The initial shoyu flavor I would describe it as mostly like koji with salt and some umami in the background. Not bad, just felt like all my mistakes did not allow for this process to do its thing. It was also pretty beige in color. Not what I expected. So, I did more research on the web and watched a couple of YouTube videos. It really should be allowed to age and then see how it develops. Also, exposing the bottles to the sun will darken the color and also impact the flavor. I did just that. Left the bottles by the window sill for a few weeks and sure enough, they do gradually darken. Not pitch black soy sauce color but more of deep brown. With age the flavor really came into balance. The saltiness is of course there, but also really nice savory notes, some sweetness in the end and a wonderful aroma when you open the bottle.
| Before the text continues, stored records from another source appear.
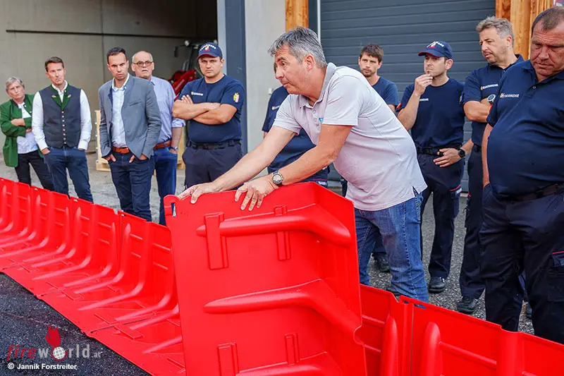„Im Namen der Feuerwehren gilt mein besonderer Dank all jenen, die für die Finanzierung der insgesamt 400 Meter Hochwasserschutz gesorgt haben““ freut sich Pflichtbereichskommandant Claus Ebner über die neue Ausrüstung für den Bevölkerungsschutz.
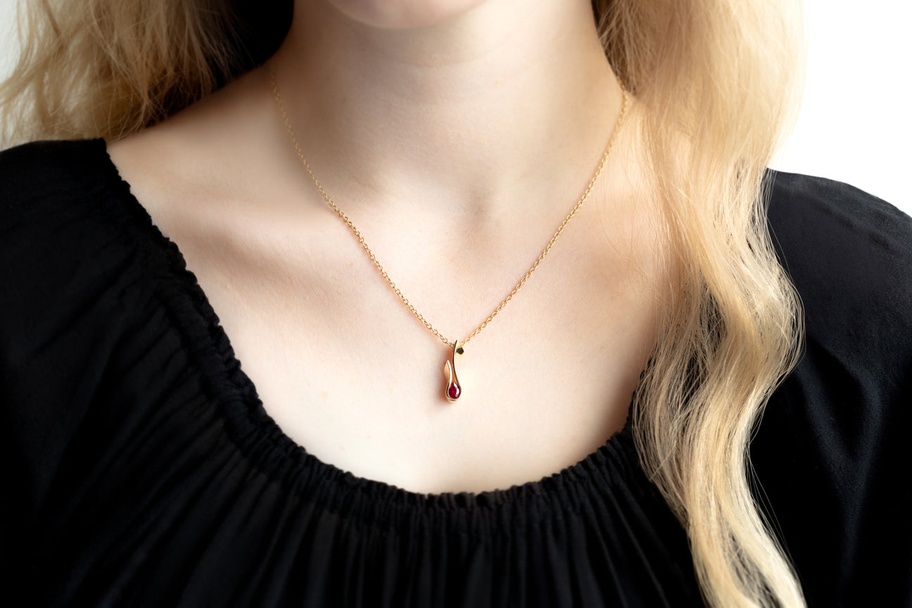 Flame Pendant with Precious Pear Gemstone, Red Gold
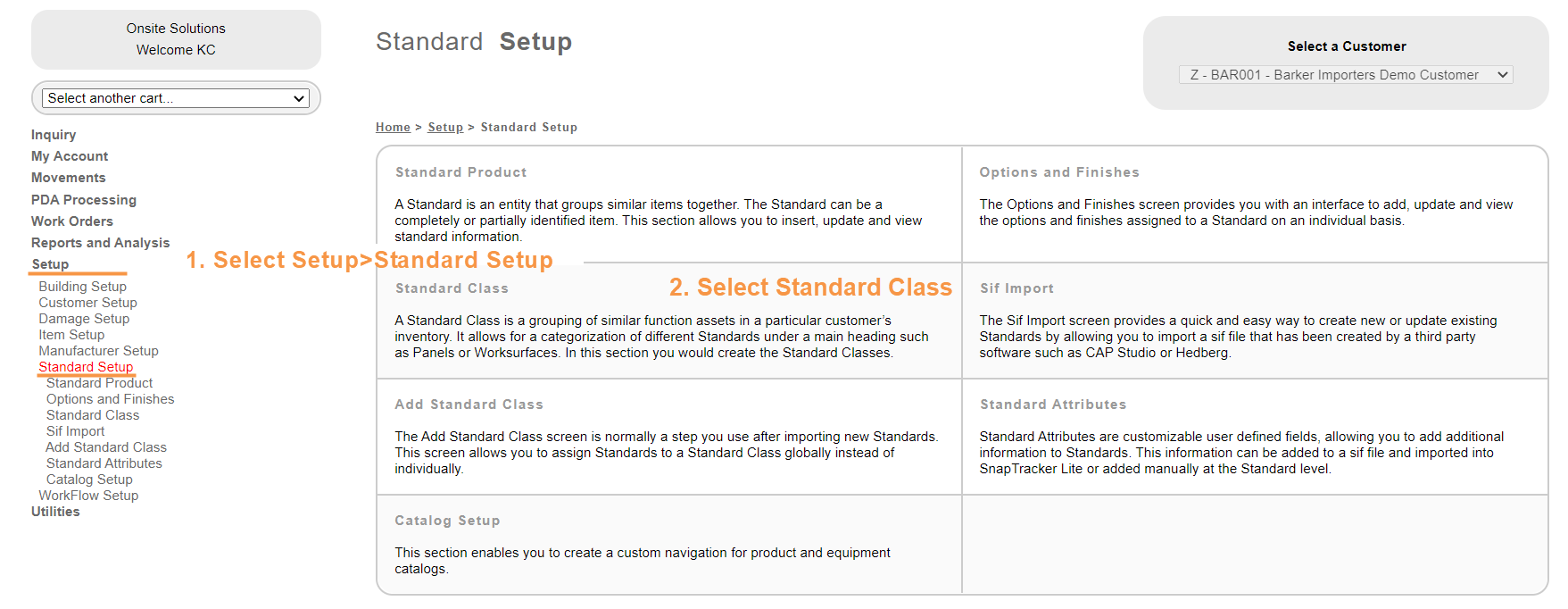 Once the Standard Classes are created, you can proceed to create Standards for the specific product and assign Standard Classes to the Standards.
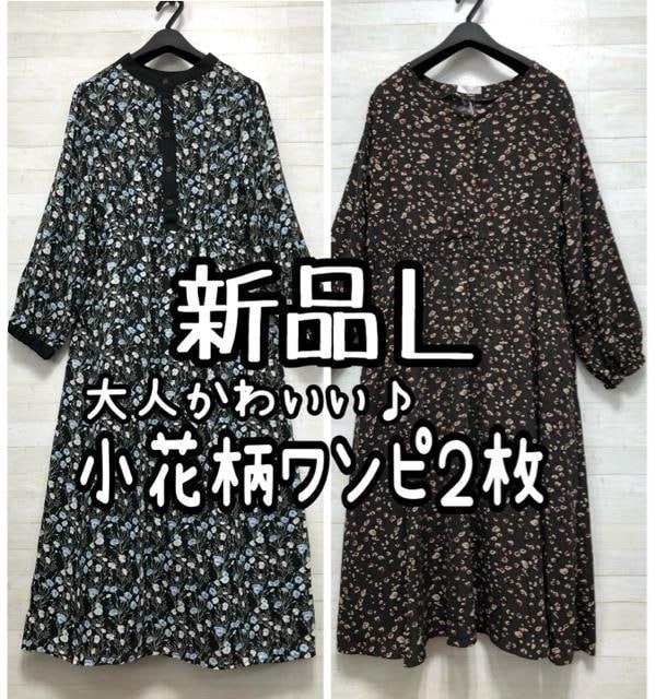 - 新品☆L♪大人も可愛い小花柄ワンピースを2枚セットで♪長袖ワンピ☆Q460
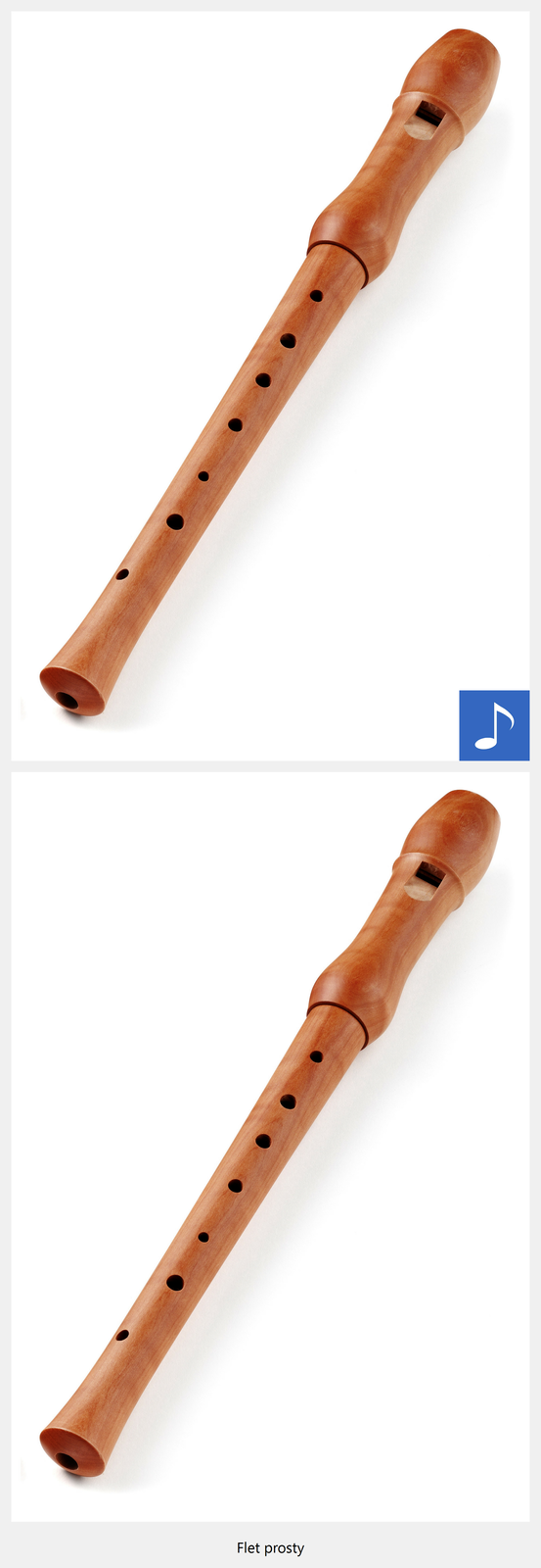 Ilustracja interaktywna przedstawia flet prosty. Na zdjęciu ukazany jest drewniany, podłużny instrument z ustnikiem i siedmioma otworami. Po naciśnięciu punktu aktywnego, wyświetla się napis: flet prosty i zostaje odtworzona próbka brzmienia. Flet brzmi miękko, miło dla ucha, delikatnie, słychać, że jego dźwięk pochodzi z drgającego powietrza.
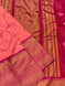 The Patola French -Knot Silk Saree is adorned with an all-over zig-zag design and a self multi-color floral petite-point border. The floral pallu adds a touch of elegance to the vibrant orange color. The secondary color of pink complements the saree perfectly. The blouse is plain with a petite-point floral border to complete the look.

I use it mostly as a “finishing” sauce or when I really want to let it shine as a flavor. One great example is in a tuna or salmon poke bowl. I can use far more of my shoyu than the recipe asks for and it does not overwhelm the fish. I also love drizzling on bowls of rice when I make katsu and it really works as a topping (along with green onions, garlic, ginger) for grilled steak. Speaking of sauces, I’ve been adding it to anything from salad dressing to red wine butter sauce to Hollandaise. Anywhere where you need a hit of savory complexity and some salt, add that shoyu.

This post feels like it is getting pretty long already. So, to wrap up, I’ll learn from the mistakes of the first shoyu try and hopefully get a better product with less fuss.